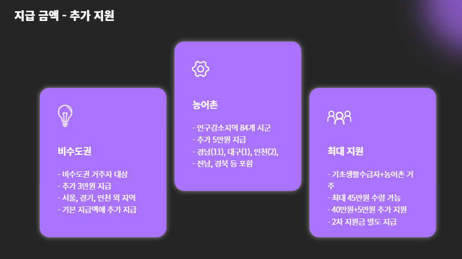 - 농어촌 인구감소지역 주민(84개 시군): 추가 5만 원
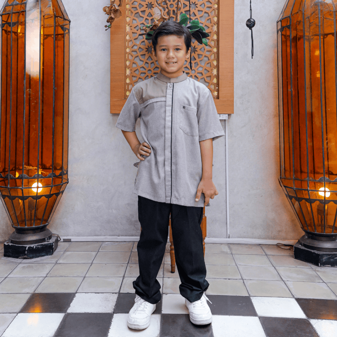KAHFI KIDS 177 STUCCO SAND ( Koko Anak ) – Koko lengan pendek – Bukaan kancing sembunyi – Kerah chiang’i – Saku tempel – Variasi list hidup dan potongan di bagian dada – Celana dengan karet pinggang – Celana dengan saku sembunyi di sisi kanan
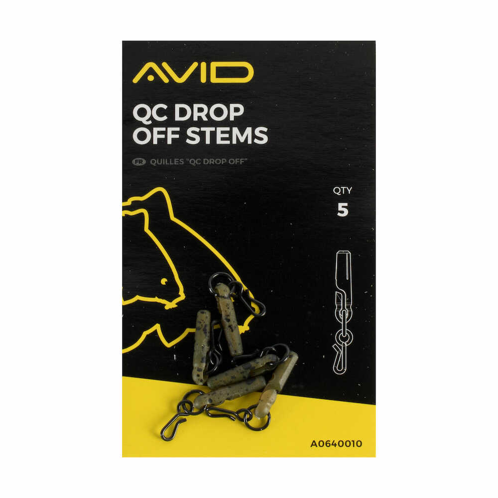 Avid a creat un sistem special Drop Off Stem pentru pescuitul cu plumbi inline, ce permite eliberarea plumbului dupa inteparea pestelui. Sistemul a fost imbunatatit suplimentar datorita agrafei rapide QC Link pentru atasarea monturii facil. Acest sistem este compatibil atat cu produsele Anti Tangle Sleeves de la producatorul Avid Carp, cat si cu plumbii inline. Culoarea acestor clipsuri asigura un nivel de vizibilitate scazut, atunci cand pescuim pe substrat malos si abundent in vegetatie.
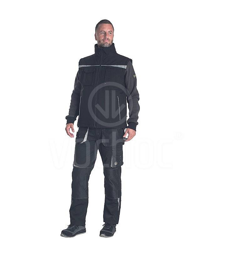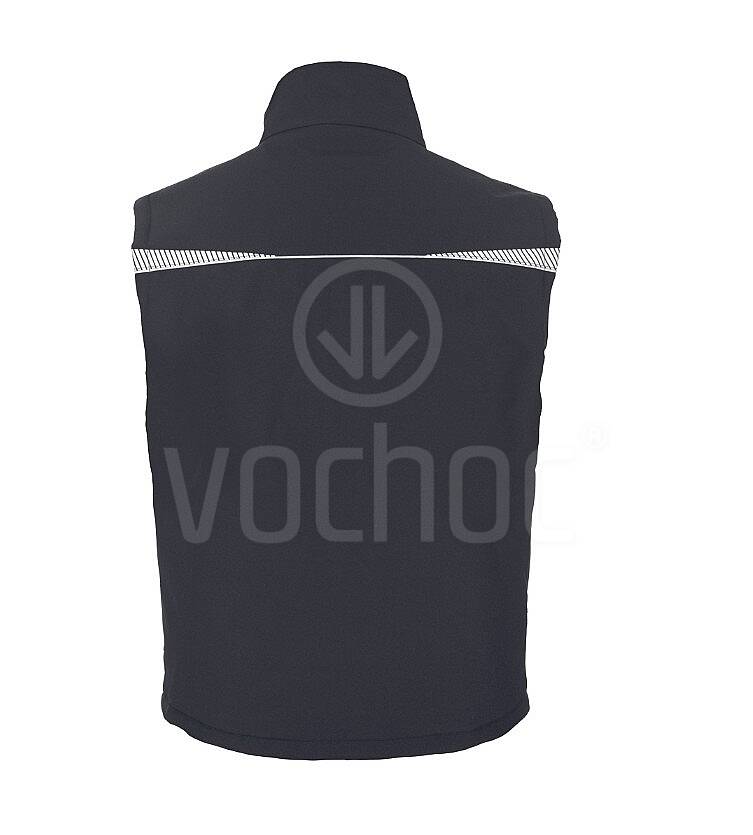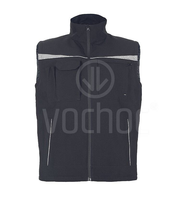 Zimní vesta se zapínáním na zip a reflexními prvky a lemováním. Vesta má dvě boční kapsy na zip, jednu levou náprsní kapsu na zip, jednu náprsní kapsu na mobil s klopou na suchý zip a dvě vnitřní kapsy.
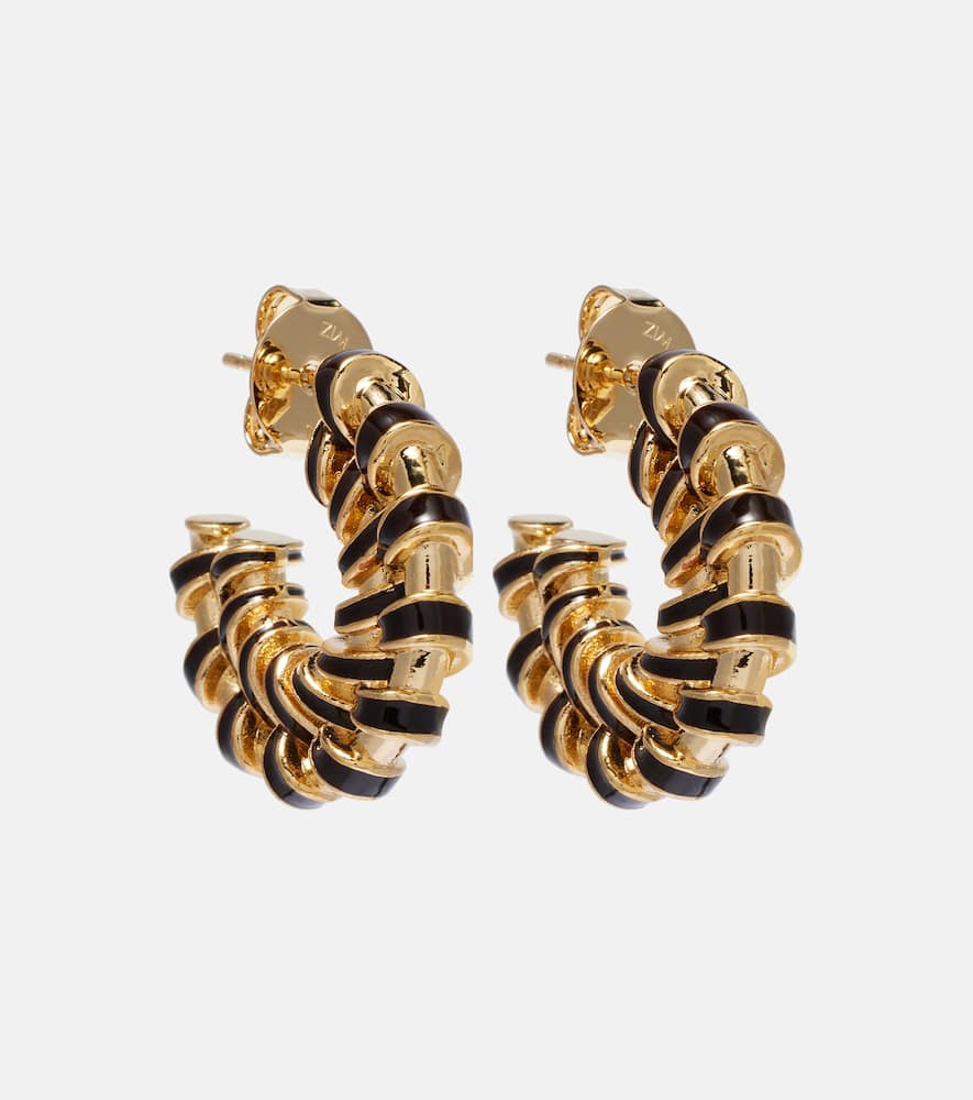 These Loop gold-plated hoop earrings by Zimmermann are a classic and timeless new arrival. Made in China from a mix of brass, enamel, and stainless steel, these gold-toned hoop earrings are a beautiful blend of a timeless aesthetic and modern luxury. The sleek design is perfect for adding a touch of refined luxury to your daily look. They are a versatile staple that you will love for years to come.
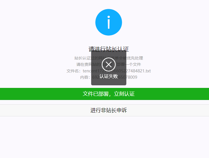 网站被拦截无法打开,按站长进行认证了,已经部署了相关文件,但是一直提示认证失败,网站备案号:湘ICP备2024094303号-1
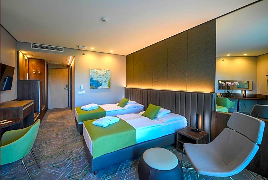 The Hunguest Hotel Sóstó offers Standard Double Rooms with twin beds and Superior Double or Twin Rooms with either twin or double beds. Both room types have a size of 323 sqft and do not allow smoking. The Standard Double Room accommodates 2 adults, while the Superior Room can accommodate 2 adults and 1 child.
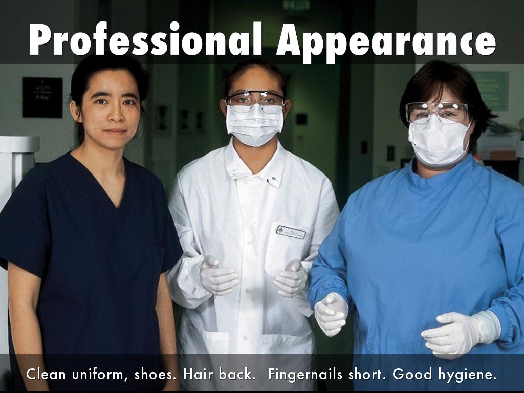 Clean uniform, shoes. Hair back. Fingernails short. Good hygiene.
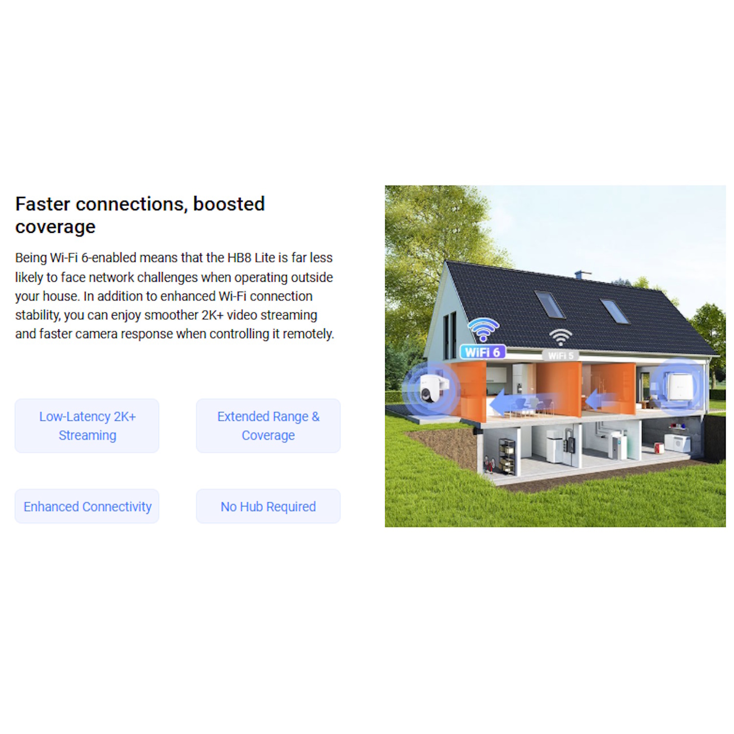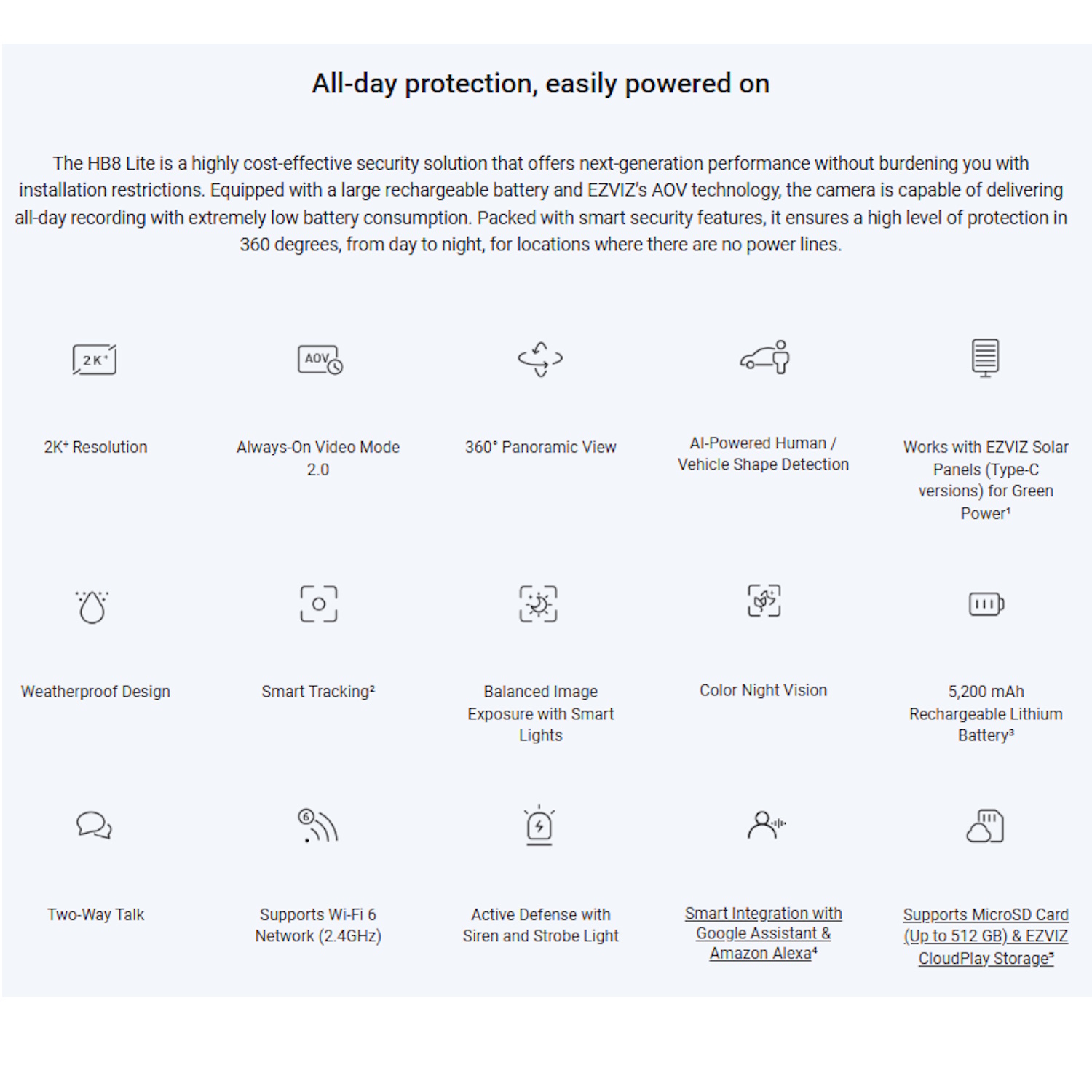 Ezviz HB8 Lite 2K⁺ nodrošina pilnīgu bezvadu drošības risinājumu: vieda, izturīga un viegli uzstādāma kamera ar pilnu pārklājumu un skaidru nakts redzi.

:::

**WHAT THE EXERCISE ASKS:** As you output the material, omit the pictures but alter nothing else.

**ANSWER BOX:**
 - 농어촌 인구감소지역 주민(84개 시군): 추가 5만 원
KAHFI KIDS 177 STUCCO SAND ( Koko Anak ) – Koko lengan pendek – Bukaan kancing sembunyi – Kerah chiang’i – Saku tempel – Variasi list hidup dan potongan di bagian dada – Celana dengan karet pinggang – Celana dengan saku sembunyi di sisi kanan
 Avid a creat un sistem special Drop Off Stem pentru pescuitul cu plumbi inline, ce permite eliberarea plumbului dupa inteparea pestelui. Sistemul a fost imbunatatit suplimentar datorita agrafei rapide QC Link pentru atasarea monturii facil. Acest sistem este compatibil atat cu produsele Anti Tangle Sleeves de la producatorul Avid Carp, cat si cu plumbii inline. Culoarea acestor clipsuri asigura un nivel de vizibilitate scazut, atunci cand pescuim pe substrat malos si abundent in vegetatie.
 Zimní vesta se zapínáním na zip a reflexními prvky a lemováním. Vesta má dvě boční kapsy na zip, jednu levou náprsní kapsu na zip, jednu náprsní kapsu na mobil s klopou na suchý zip a dvě vnitřní kapsy.
 These Loop gold-plated hoop earrings by Zimmermann are a classic and timeless new arrival. Made in China from a mix of brass, enamel, and stainless steel, these gold-toned hoop earrings are a beautiful blend of a timeless aesthetic and modern luxury. The sleek design is perfect for adding a touch of refined luxury to your daily look. They are a versatile staple that you will love for years to come.
 网站被拦截无法打开,按站长进行认证了,已经部署了相关文件,但是一直提示认证失败,网站备案号:湘ICP备2024094303号-1
 The Hunguest Hotel Sóstó offers Standard Double Rooms with twin beds and Superior Double or Twin Rooms with either twin or double beds. Both room types have a size of 323 sqft and do not allow smoking. The Standard Double Room accommodates 2 adults, while the Superior Room can accommodate 2 adults and 1 child.
 Clean uniform, shoes. Hair back. Fingernails short. Good hygiene.
 Ezviz HB8 Lite 2K⁺ nodrošina pilnīgu bezvadu drošības risinājumu: vieda, izturīga un viegli uzstādāma kamera ar pilnu pārklājumu un skaidru nakts redzi.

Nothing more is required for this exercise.